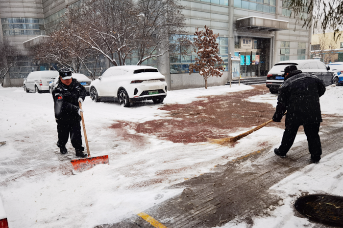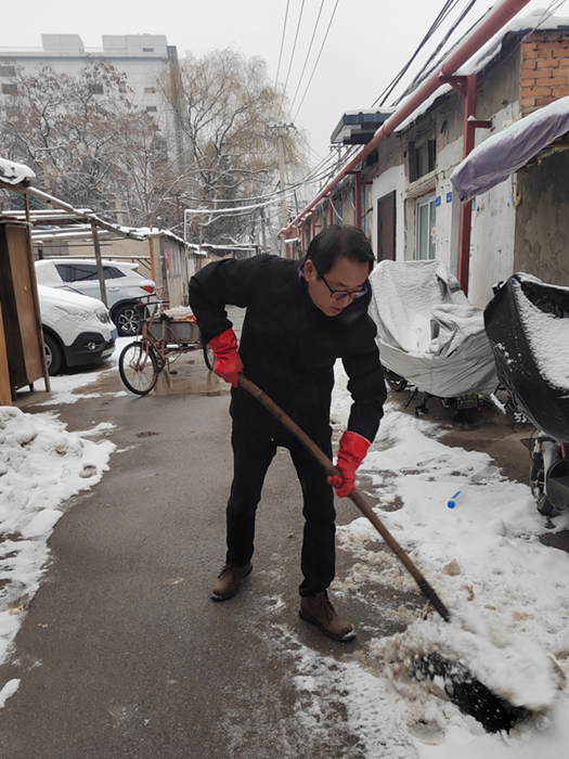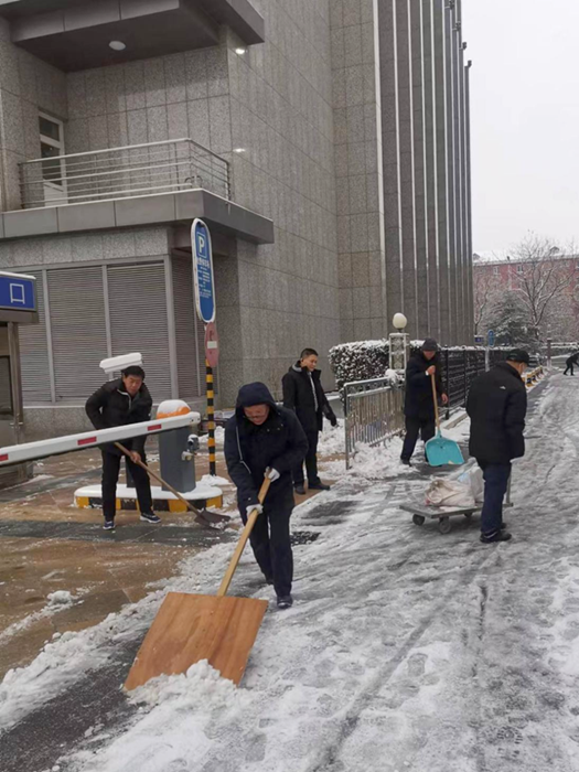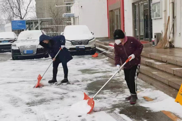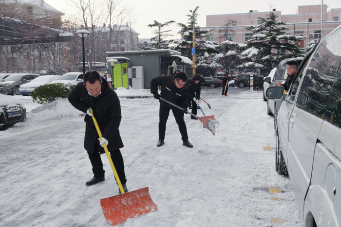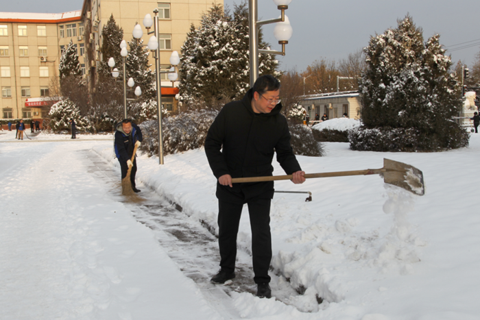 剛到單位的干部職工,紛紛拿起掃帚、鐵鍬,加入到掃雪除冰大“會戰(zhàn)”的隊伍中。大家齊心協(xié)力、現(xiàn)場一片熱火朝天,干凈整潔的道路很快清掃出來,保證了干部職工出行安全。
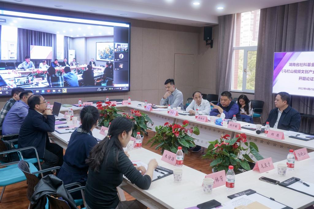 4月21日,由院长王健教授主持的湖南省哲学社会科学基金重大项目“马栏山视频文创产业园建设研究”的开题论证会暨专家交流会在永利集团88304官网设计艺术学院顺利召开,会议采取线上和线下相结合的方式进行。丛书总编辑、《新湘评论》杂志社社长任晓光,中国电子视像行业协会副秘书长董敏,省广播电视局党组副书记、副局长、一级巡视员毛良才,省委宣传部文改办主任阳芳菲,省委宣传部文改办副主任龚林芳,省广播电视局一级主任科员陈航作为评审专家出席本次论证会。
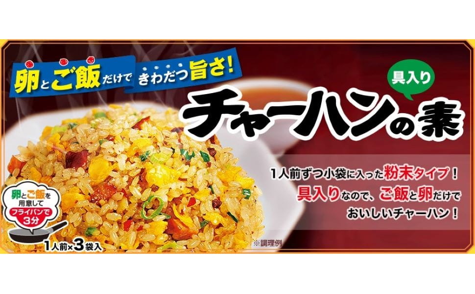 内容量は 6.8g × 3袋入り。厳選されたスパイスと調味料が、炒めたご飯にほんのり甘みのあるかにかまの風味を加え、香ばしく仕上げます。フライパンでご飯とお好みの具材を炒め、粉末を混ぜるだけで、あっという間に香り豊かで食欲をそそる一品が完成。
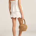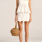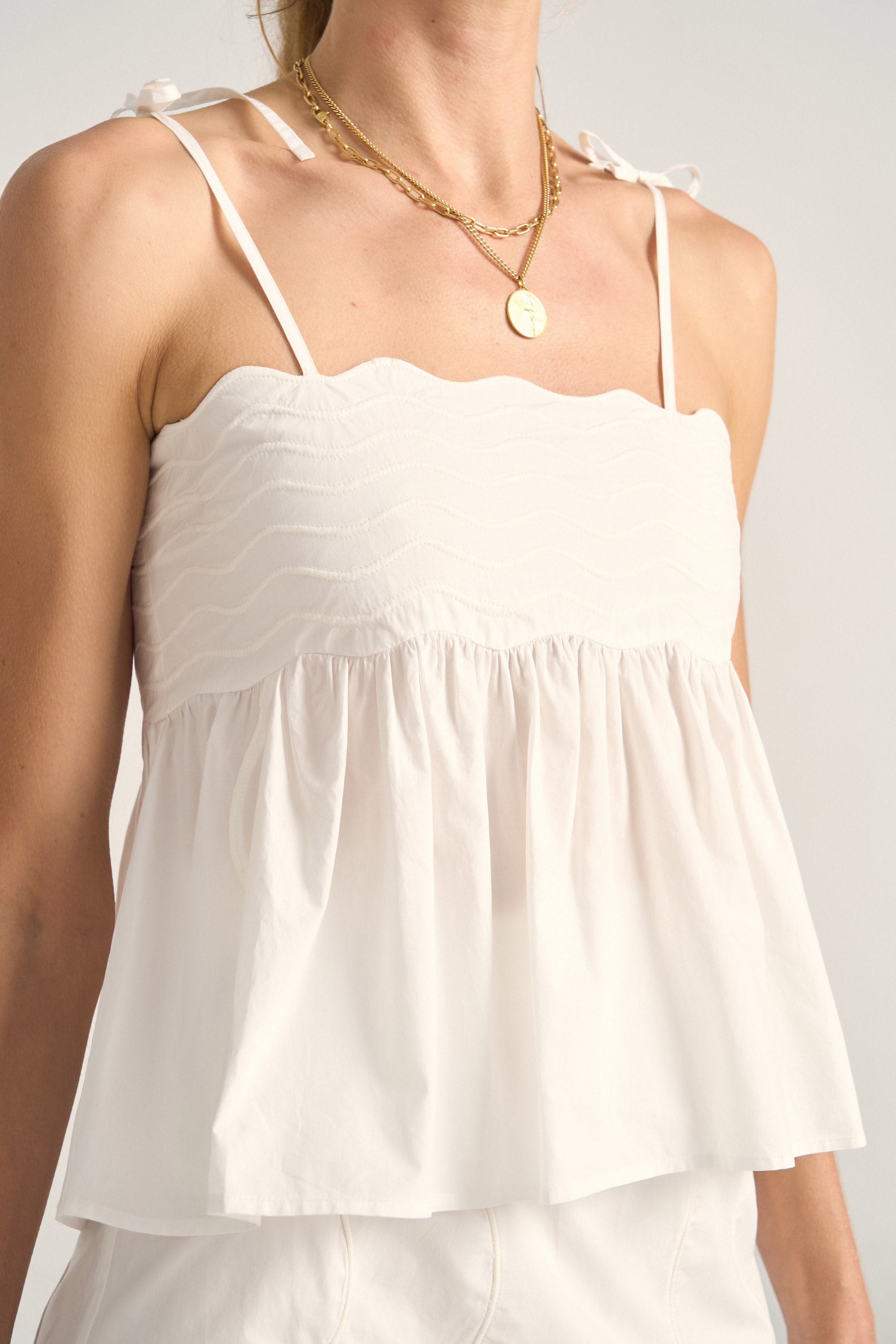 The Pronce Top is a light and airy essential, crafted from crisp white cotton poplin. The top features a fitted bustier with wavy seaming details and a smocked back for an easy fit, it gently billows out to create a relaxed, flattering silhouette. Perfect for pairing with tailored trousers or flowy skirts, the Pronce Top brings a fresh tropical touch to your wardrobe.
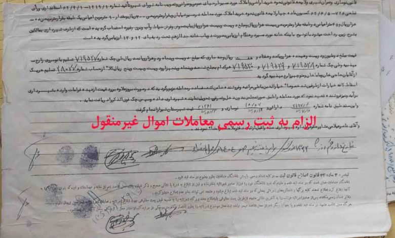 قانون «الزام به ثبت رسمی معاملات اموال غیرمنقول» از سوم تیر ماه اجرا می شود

==

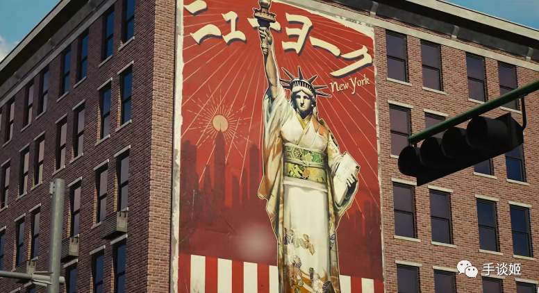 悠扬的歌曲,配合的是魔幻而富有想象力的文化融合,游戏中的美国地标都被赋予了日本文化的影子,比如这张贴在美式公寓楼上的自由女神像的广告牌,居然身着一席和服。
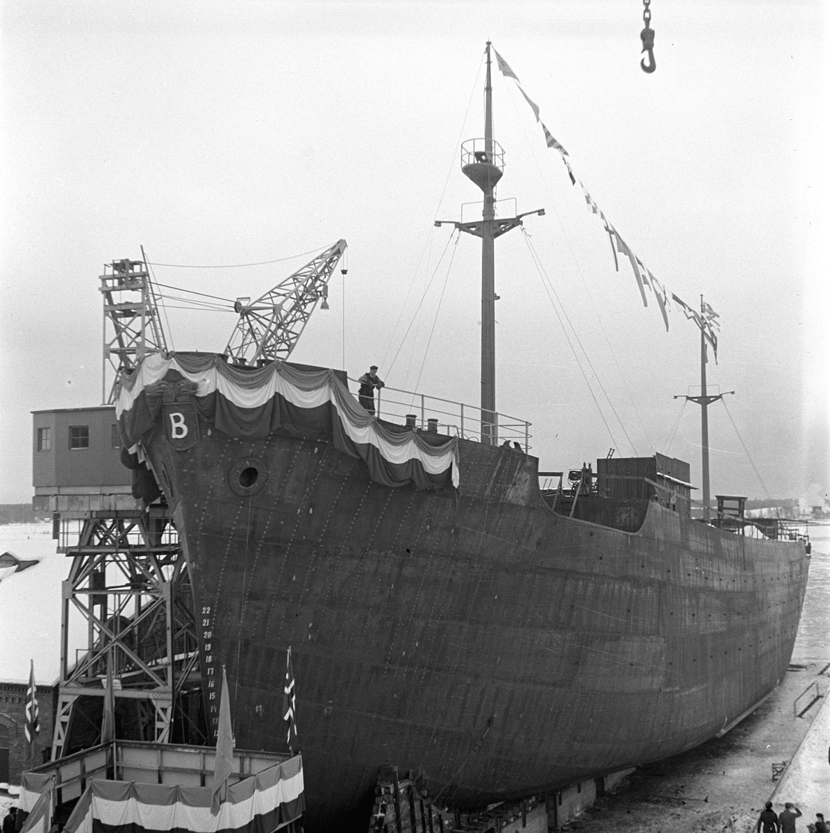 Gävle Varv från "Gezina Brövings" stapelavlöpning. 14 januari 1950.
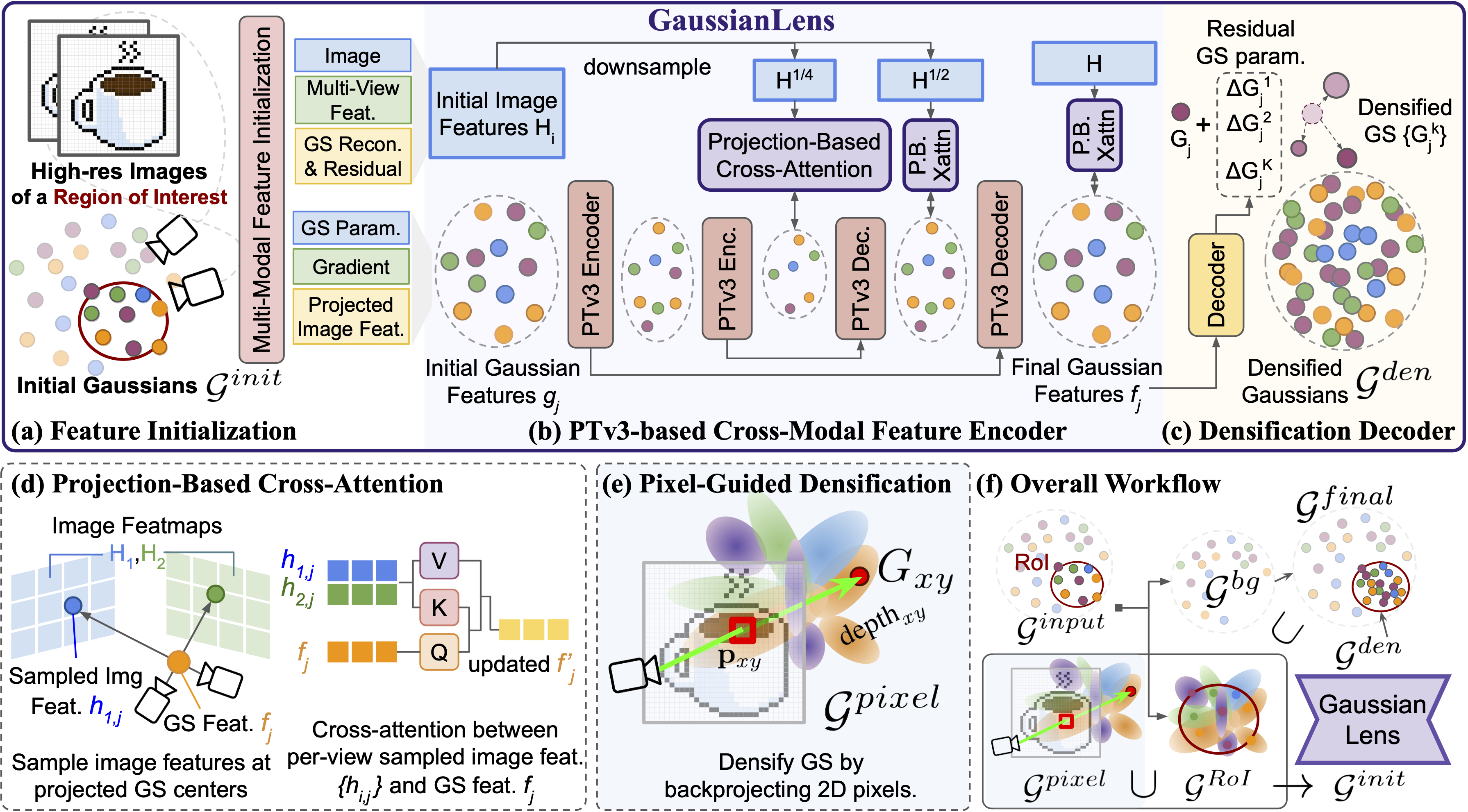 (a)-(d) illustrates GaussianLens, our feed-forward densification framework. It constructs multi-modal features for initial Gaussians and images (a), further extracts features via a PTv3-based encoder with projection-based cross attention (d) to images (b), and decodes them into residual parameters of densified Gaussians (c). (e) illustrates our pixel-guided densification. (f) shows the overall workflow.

**Task details**
Using the material above, transcribe exactly the lines from the one holding "悠扬的歌曲,配合的是魔幻而富" to the one holding "(a)-(d) illustrates GaussianLens, our", both ends kept. Do not carry over any pictures.

**Your solution**
 悠扬的歌曲,配合的是魔幻而富有想象力的文化融合,游戏中的美国地标都被赋予了日本文化的影子,比如这张贴在美式公寓楼上的自由女神像的广告牌,居然身着一席和服。
 Gävle Varv från "Gezina Brövings" stapelavlöpning. 14 januari 1950.
 (a)-(d) illustrates GaussianLens, our feed-forward densification framework. It constructs multi-modal features for initial Gaussians and images (a), further extracts features via a PTv3-based encoder with projection-based cross attention (d) to images (b), and decodes them into residual parameters of densified Gaussians (c). (e) illustrates our pixel-guided densification. (f) shows the overall workflow.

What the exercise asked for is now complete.